Unnamed: 0,rouge1,rouge2,rougeL,rougeLsum
baseline,0.377622,0.099291,0.223776,0.27972
sumy,0.22963,0.059701,0.140741,0.192593
gpt2,0.095238,0.0,0.095238,0.095238
DeepSeek,0.075206,0.018846,0.054054,0.072855
bart,0.237624,0.040404,0.138614,0.217822


Based on the ROUGE evaluation results, we can draw several conclusions about the performance of the summarization systems:

**Baseline (Three-Sentence Summary):**

With the highest scores across all metrics—ROUGE-1: 0.378, ROUGE-2: 0.099, ROUGE-L: 0.224, and ROUGE-Lsum: 0.280—the baseline method demonstrates strong overlap with the reference summaries. It captures key terms and maintains a relatively coherent structure, though the moderate ROUGE-2 score suggests limited phrase-level richness.

**Sumy (TextRank):**

Achieving ROUGE-1: 0.230 and ROUGE-2: 0.060, Sumy performs moderately well, outperforming GPT-2 and DeepSeek.
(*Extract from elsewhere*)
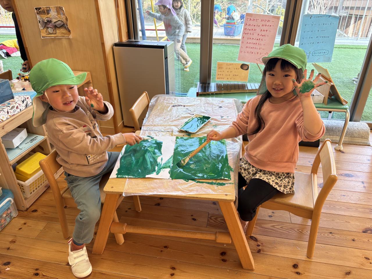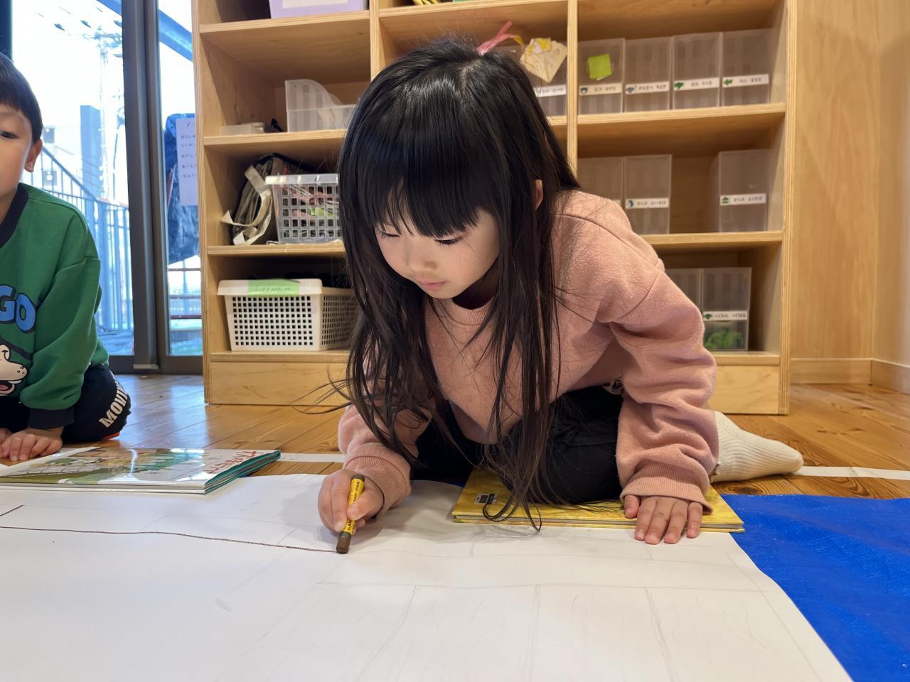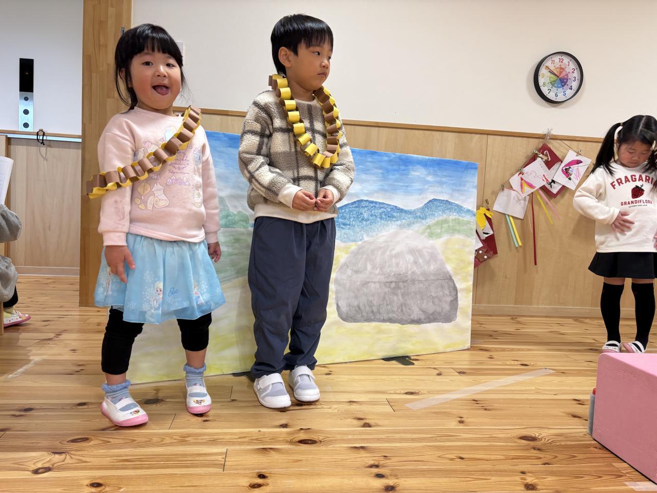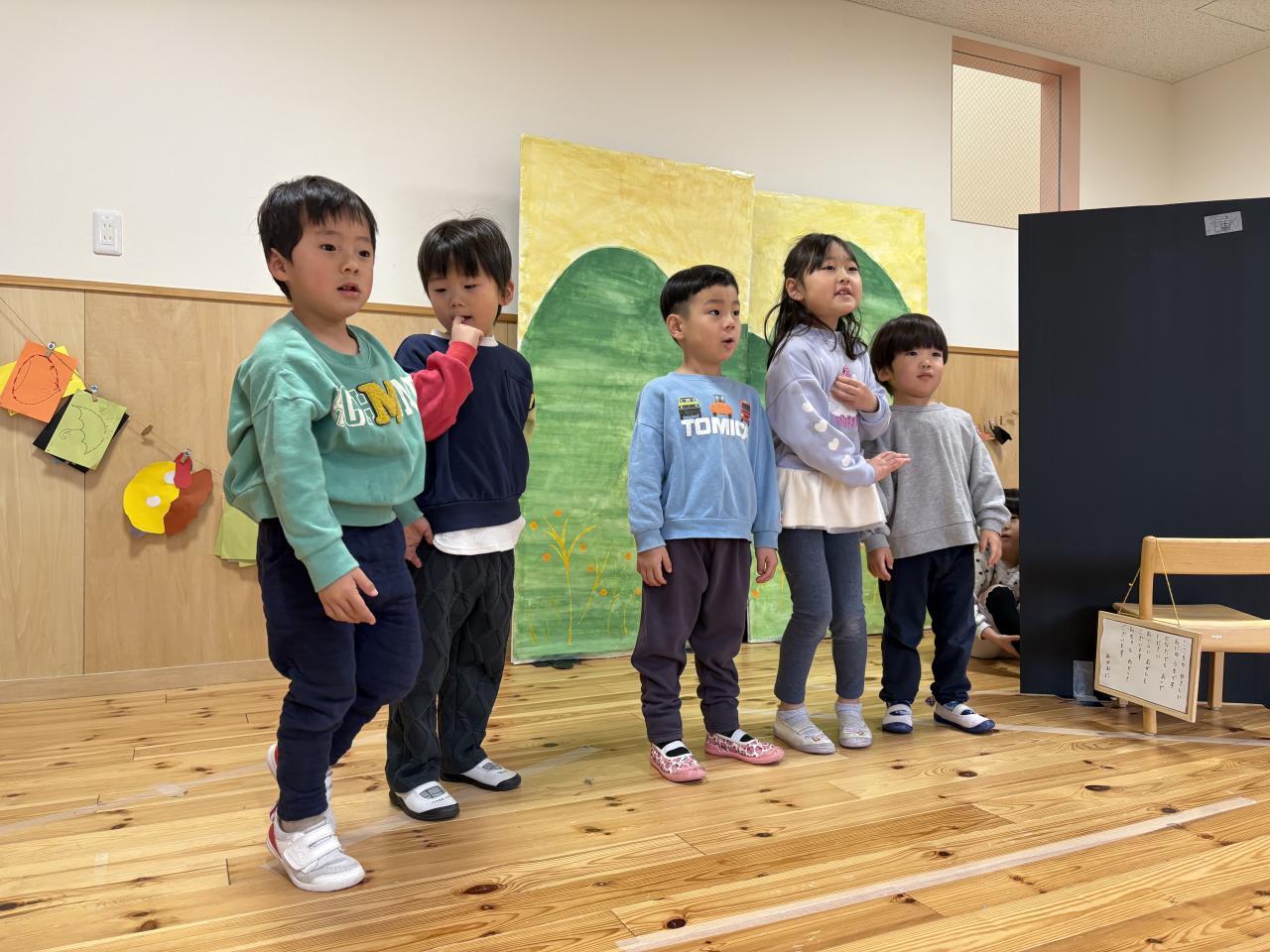 絵本や台本、歌詞カードを見たりして文字に興味をもつ姿も見られました😊

Its ROUGE-L: 0.141 and ROUGE-Lsum: 0.193 indicate a fair level of fluency and structural alignment, making it a viable classical approach when resources are limited.

**GPT-2:**

With ROUGE-1: 0.095 and ROUGE-2: 0.000, GPT-2 shows minimal overlap with the reference summaries. The absence of bigram matches suggests a lack of phrase-level consistency, and ROUGE-L: 0.095 reflects limited coherence. This indicates that GPT-2, in its current form, may not be well-suited for extractive or reference-aligned summarization tasks.

**DeepSeek:**

Scoring ROUGE-1: 0.075, ROUGE-2: 0.019, ROUGE-L: 0.054, and ROUGE-Lsum: 0.073, DeepSeek performs the weakest overall. These low scores suggest that it struggles to capture both key content and structural fidelity in summaries.

**BART:**

With ROUGE-1: 0.238, ROUGE-2: 0.040, ROUGE-L: 0.139, and ROUGE-Lsum: 0.218, BART performs comparably to Sumy and slightly better in terms of summary structure. While not outperforming the baseline, its results reflect reasonable content and phrase-level alignment, especially considering its neural architecture.

**Summary:**

The baseline method remains the strongest performer, likely due to its simplicity and alignment with the reference format. Sumy and BART offer competitive alternatives, particularly in environments where classical or pretrained models are preferred. GPT-2 and DeepSeek, however, show limited effectiveness in this evaluation, highlighting the need for fine-tuning or task-specific adaptation. Overall, these results emphasize the importance of aligning model capabilities with the nature of the summarization task and the characteristics of the target dataset.